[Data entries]
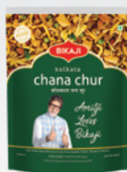
KOLKATA CHANA CHUR
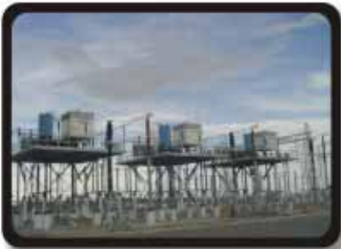
Comisión Federal de Electricidad Mexico
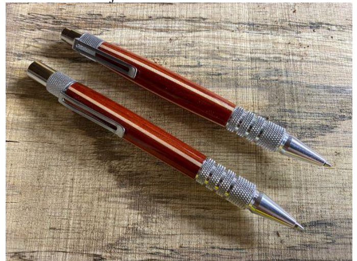
These are made with redheart, with a CA glue finish.
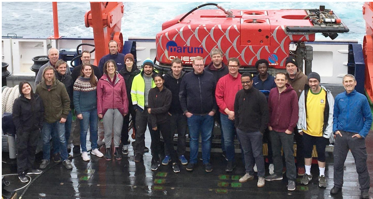
Figure 3: After 28 days on an expedition in the Norwegian Greenland Sea with great scientific success, the scientific participants of the MSM109 are looking forward to returning home.

marginal fault at a water depth of 3,000 m. We call it the Jøtul hydrothermal field, a name for a being that in Norse mythology corresponds to a giant that dwells in a mountain or range. The last two ROV dives, on Thursday and Friday, we dived 50 km to the south in what is probably the youngest volcanic area in 3,200 m water depth. There, too, we had already found hydrothermal relics on an earlier dive, but they were very difficult to find in a 10 m deep and very narrow canyon of mainly piled up pillow lavas. In fact, more hydrothermal relicts were found on Thursday with possible sulphide deposits. Friday's short ROV dive captured an abundance of existing lava structures and morphologies. We were also able to welcome viewers from Germany to this dive at short notice via telepresence, who followed the internet link of the MARUM YouTube channel.
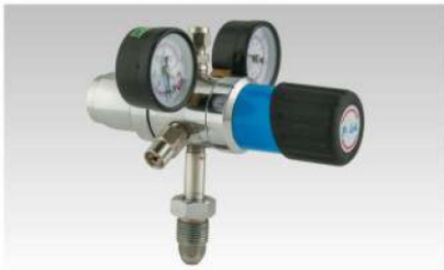
Double Stage Cylinder Regulator NGS Series
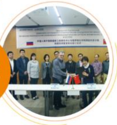
俄罗斯科学院西伯利亚 分院与光瑞生命人类干 细胞国家工程研究中心 签订战略框架协议。
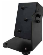
7160-1259 Flat Surface Magnet Mount with Scanner Holder
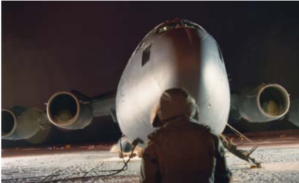
P-3 deployed to Alaska for cold-weather testing and completed its first flight over the North Pole on 10 February 1993. (Boeing)
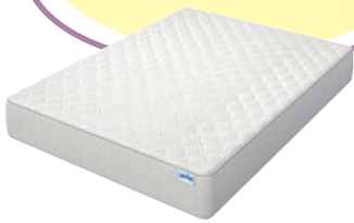
v1 FIRM 1-Sided No Flip

EXTRA FACTORY DIRECT SAVINGS WITH THESE COUPONS!
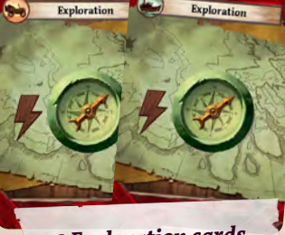
2 Exploration cards
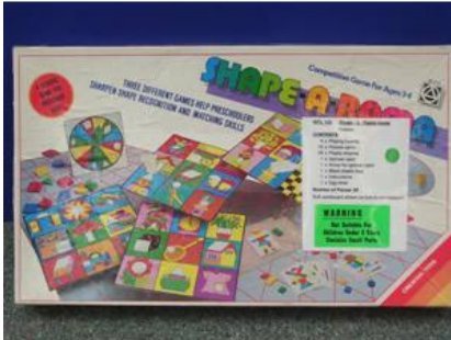
WTL 135 Shape a Rama
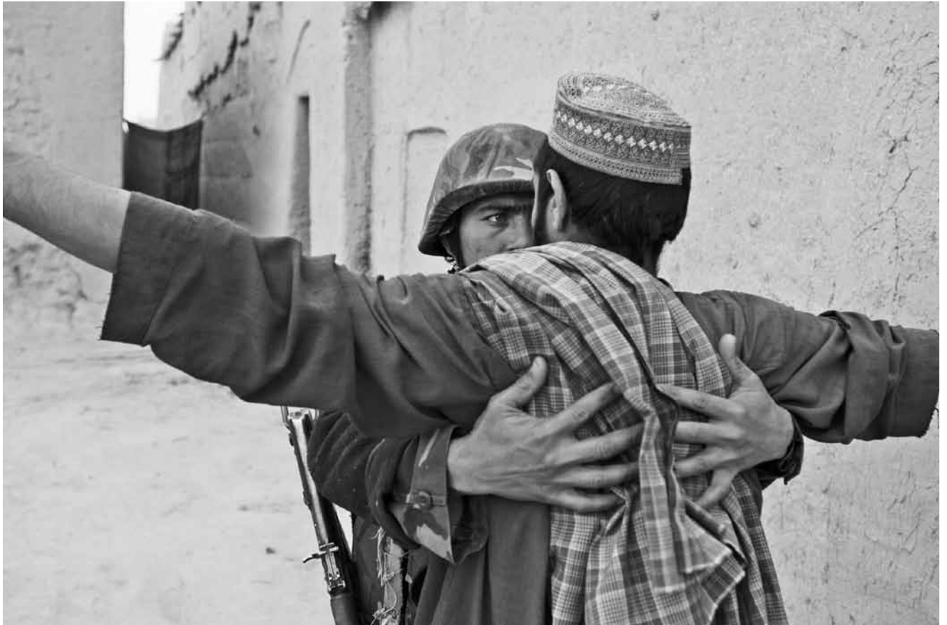
Figure 3. Louie Palu, Searching civilians while looking for insurgent rocket launching sites in Pashmul, Zhari District, Afghanistan, 2007. Archival digital print.
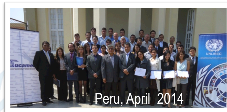
Peru, April 2014
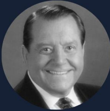
Dr. Bill Bright

Founder, Cru (Formerly Campus Crusade for Christ) (1921-2003)
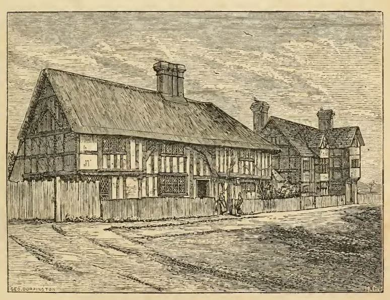
THE MANOR HOUSE OF THE CHALLONERS.
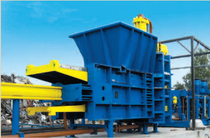
CPS 320 press with a hopper
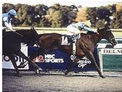
Unbridled winning the Classic

The popularity of Kentucky Derby and Breeders' Cup Classic hero Unbridled at the Saratoga Sale was unmistakable as the three offerings from his final crop of
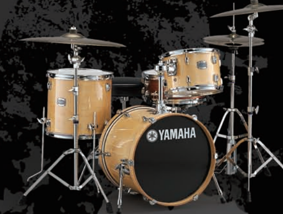
NATURAL WOOD (NW)
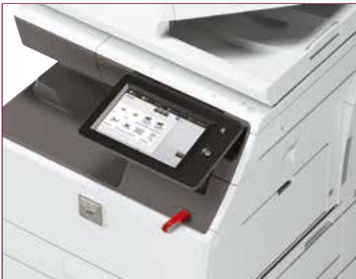
Insert your USB and start printing or scanning.

A large 500GB onboard Hard Disk Drive (HDD) can store much larger and more complex documents, and everything can be quickly accessed using an efficient Document Filing system. But for the ultimate convenience Sharp's Office Direct Print technology* lets you print whatever you want without even logging into your PC. Just walk up to your MFP, insert a USB memory stick containing images, Adobe PDFs or Microsoft® Office files and print off whatever you want. Or you can quickly scan and save documents straight to the USB stick.
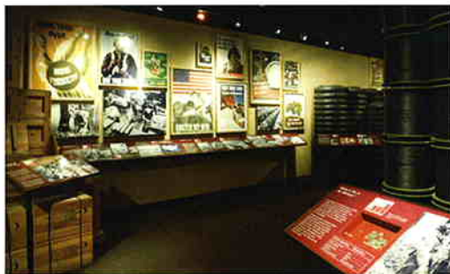
National WWII Museum

Dedicated in 2000 as The National D-Day Museum and now designated by Congress as the country's official World War II Museum, this remarkable attraction illuminates the American experience during the WWII era. Celebrate the American Spirit as you experience moving personal stories, historic artifacts and powerful interactive displays. From the Normandy invasion to the sands of Pacific Islands, the Museum salutes the optimism, courage and sacrifice of those who won the war and changed the world.
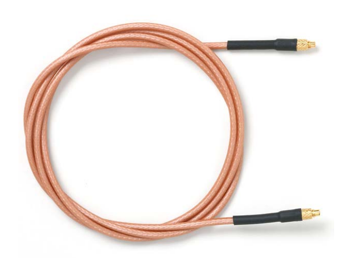
Model 73063 MMCX Plug to MMCX Plug, RG316/U

Snap-on coupling and microminiature size for fast connect and disconnect where space is limited
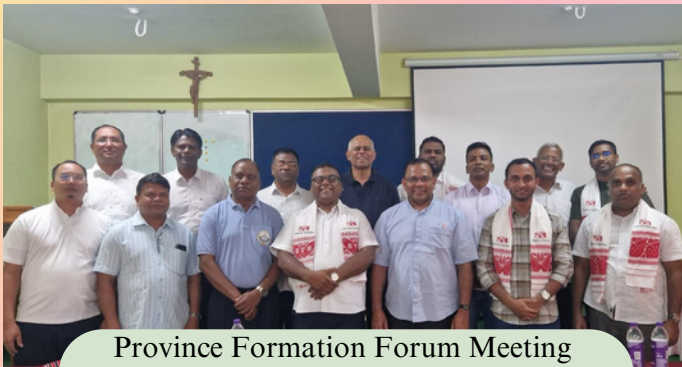
Province Formation Forum Meeting Dibrugarh & Guwahati
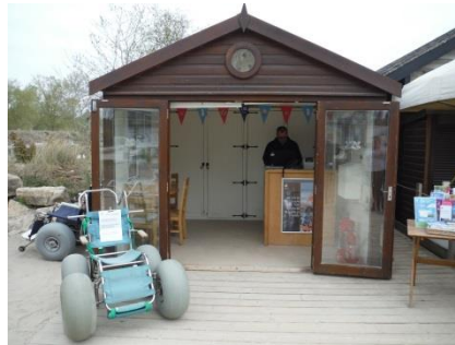
Knoll Beach Visitor Reception showing beach accessible wheelchair

The Knoll Beach Office is based in a beach hut which is accessible from the turning circle at Knoll Beach car park. Other than parking, Studland Beach is free to access, and you can find out about the local area and the work of the National Trust at our Office. The floor in this building is level concrete covered in non-slip vinyl and the wall surfaces are wood panelled. One side of the building is glazed and doors and the lighting is LED. The reception desk is 110cm high but there is a lower area, 75cm high. Seats are available in the hut. A hearing loop is not fitted.
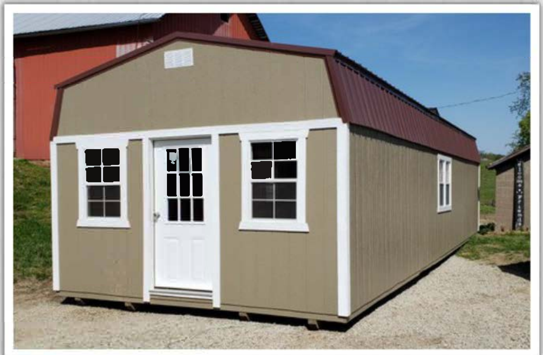
SHOWN: Lofted High Barn with optional doors and windows.
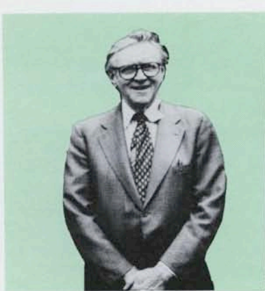
Rediscovering James T. Farrell
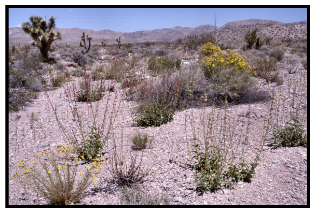
Figure 11. Penstemon bicolor showing various flower colors between Jean and Goodsprings.
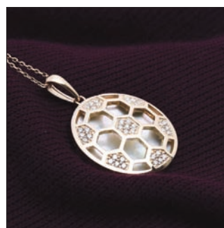
Midas FIFA 2022 necklace.

nated by the artistic possibilities embedded within the Arabic script itself.
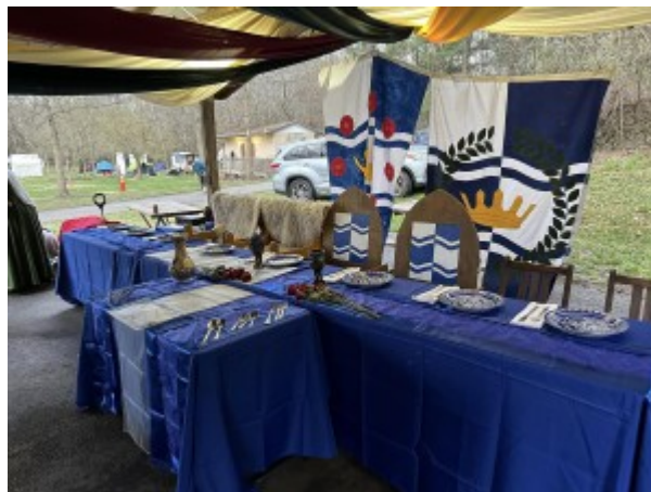
High Table (before the high winds)
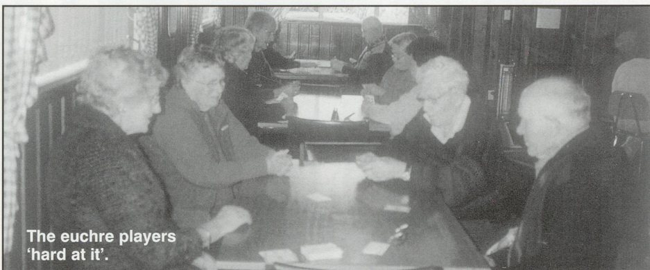
The euchre players 'hard at it'.
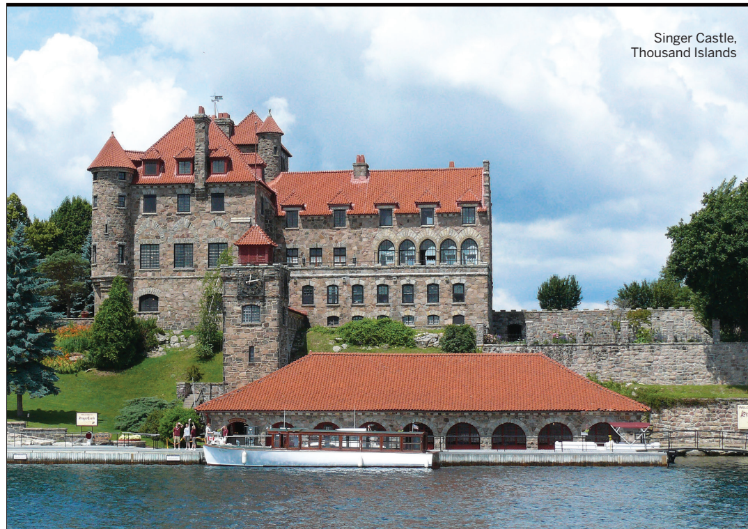
Singer Castle, Thousand Islands
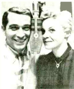
Affectionately caressing the microphone, Perry Como and Jaye P. Morgan prepare to wax latest disk on RCA-Victor, "Two Lost Souls."
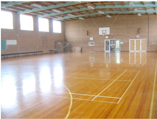
Spacious interior of the Wesley Centre
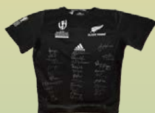
Black Fern's Signed & Framed RWC Jersey

Black Fern Jersey signed by the entire Women's Rugby World Cup (2021) winning team.
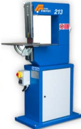
Mod. Kw mm. Kg 213 2.2/1.5 2000 x 12-100 130
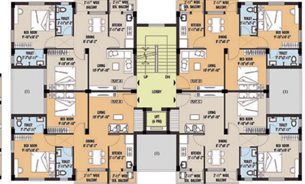
Typical Floor (1st-4th Floor)
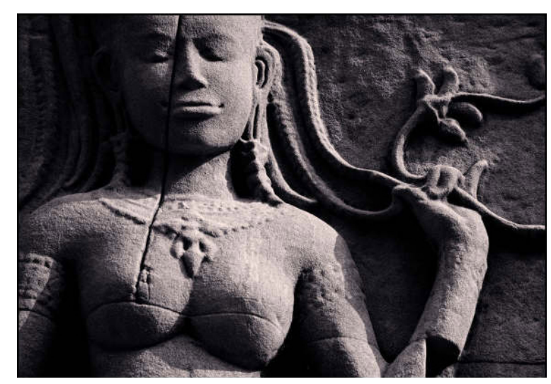
Angkor Wat Series II: "Apsara" © Tom Hricko, silver print, 1998. Used with permission.

There is no comparison. SWDC is a Khmer NGO and Cambodia remains one of the poorest
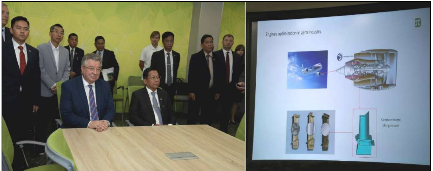
Prime Minister hearing reports on subject-wise lectures at the university presented by the rector of the Polytechnic State University in St. Petersburg
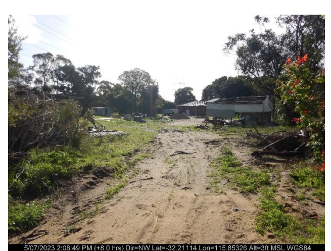
Photo ID: Photo 11 The grassland vegetation within the derelict neighbouring house yard.
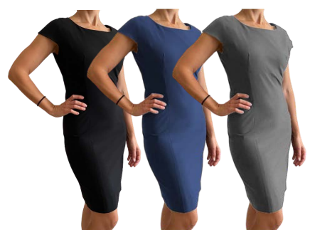
Fabric + Care: 62% Recycled Poly | 33% Viscose | 5% Spandex | Year-round weight | Antibacterial | Machine Washable
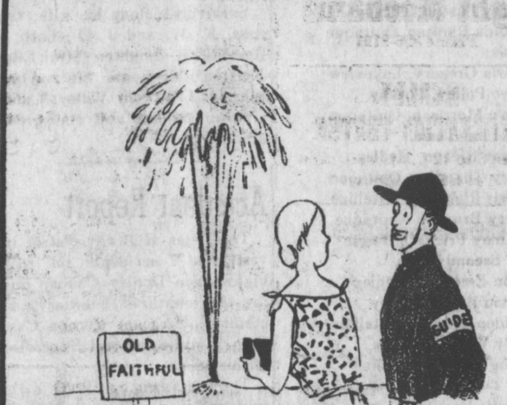
"As regular as earnings on your savings at

NOTICE—Any erroneous reflection upon the character, standing or reputation of any person, firm or corporation which may appear in the columns of The Informer will gladly be corrected upon its being brought to the attention of the publisher.
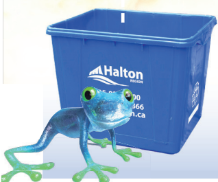
Items for Blue Box
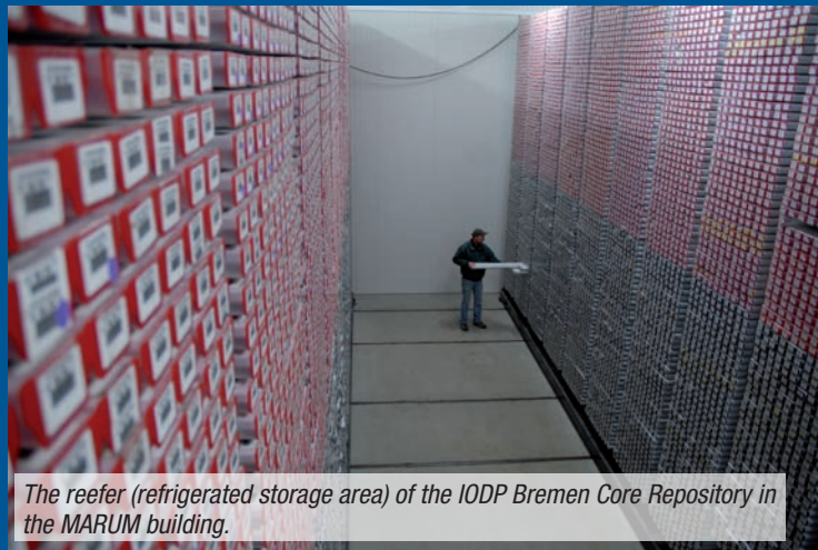
The reefer (refrigerated storage area) of the IODP Bremen Core Repository in the MARUM building.

The IODP Bremen Core Repository (BCR) at the MARUM, Center for Marine Environmental Sciences at the University of Bremen, is one of three core repository facilities worldwide. The BCR has state-of-the-art laboratory and office facilities and a large refrigerated storage area with a movable rack system. The repository provides services to the international community through advanced curation and sampling techniques, database archiving (Drilling Information System, DIS), and participates in a wide range of education and outreach activities.
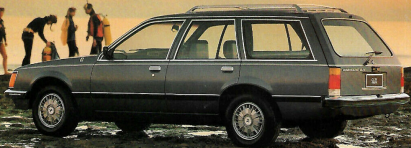
Commodore SLX Wagon
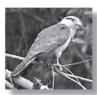
Yellow-headed Caracara at Iguazú Falls

General Meeting continued from page 1 agriculture as an advisor. Now he's trying to balance time between travel, part-time work as a biologist, playing music, chasing and photographing birds, and taking care of his home in Georgetown. Over a course of 40
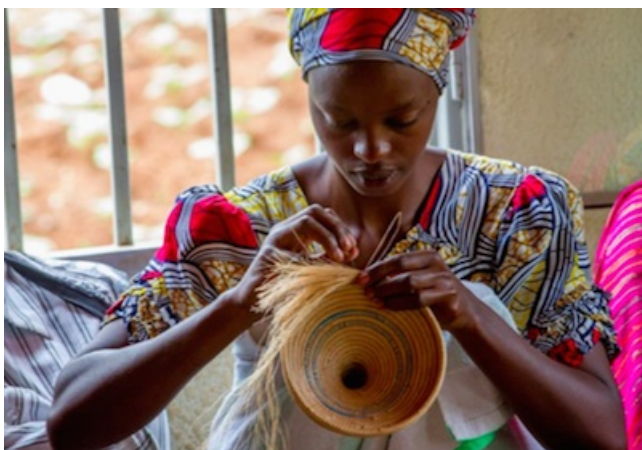
Holt Renfrew's H Project supports artisans.

With fur a no-go for many consumers, in June Yoox Net-A-Porter Group made a commitment to be fur-free, ceasing the sale of fur on all of its multi-brand sites ( see story ).
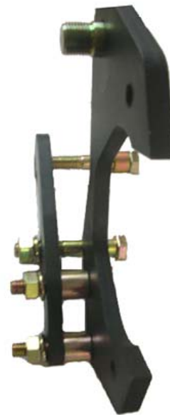
Passenger's Side, Rear View Off Of Car

Join the two brackets together using the \frac{3}{4} " spacers and the 2\frac{1}{2} " bolts provided in the kit. Tilt the main bracket up until the two holes in the lower corner match up with the two remaining holes in the support bracket. Insert the spacer between the two brackets and bolt them together using the aforementioned hardware. Torque the \frac{5}{8} " main spindle bolt using GM's factory torque specs for that bolt and then torque the two bolts that join the main bracket to the support bracket to roughly 50-60 ftlbs. With your hand move the spindle back and forth simulating the wheel turning. If necessary trim the excess threads off of the back of the forward steering arm bolt (the bolt without lock washer and nut) for control arm clearance.
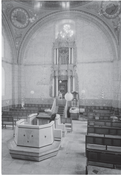
The Hurva Synagogue (ca. 1935). 19
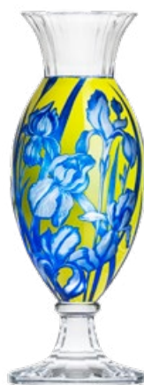
vase / engr. Irises crystal overlaid with blue and with yellow enamel 16.4 × 50 cm 51192 unique piece
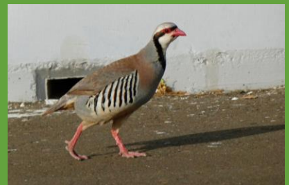
Grey Francolin, Greater Flamingo, Green Mubazzarah, Desert Lark, Chukar Partridge
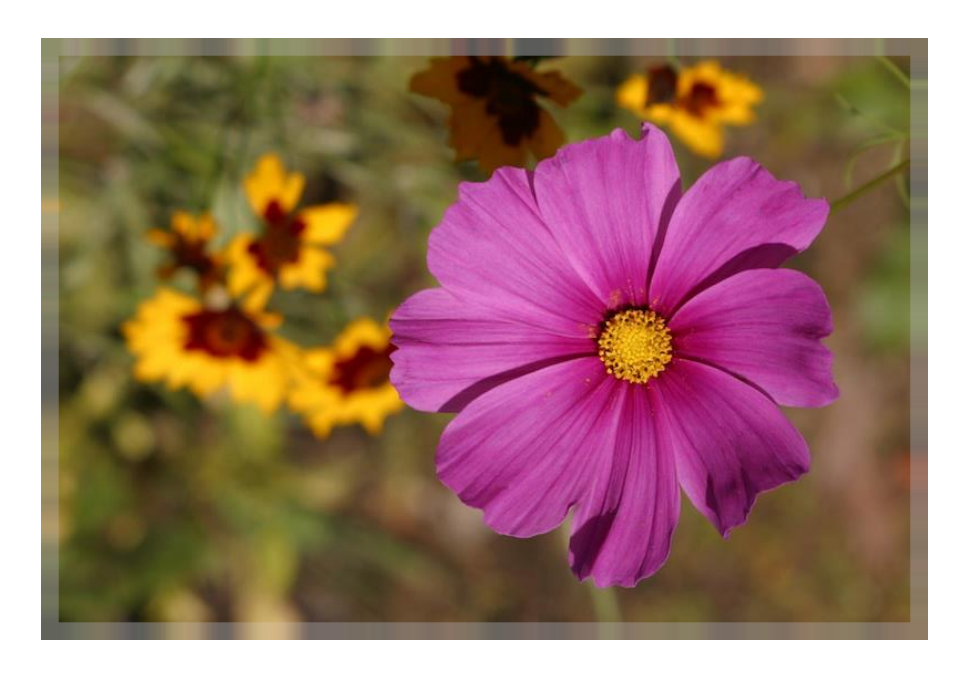
Figure 2 - Expanding the marked area with "media-overprint" = 'extend'

Figure 3 illustrates the 'scale' overprint method, where the Printer scales up the Input Page to expand the Impression's size.
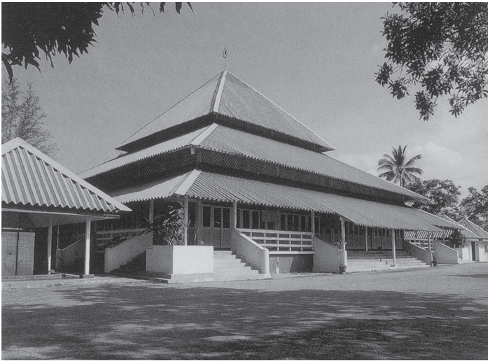
Neighbourhood mosques were traditionally built as part of a community project; using local materials and craftsmanship.

■ What you need to do: The lines to return are those in the entries above that hold "where".

■ Your solution:
Snap-on coupling and microminiature size for fast connect and disconnect where space is limited
Figure 3 illustrates the 'scale' overprint method, where the Printer scales up the Input Page to expand the Impression's size.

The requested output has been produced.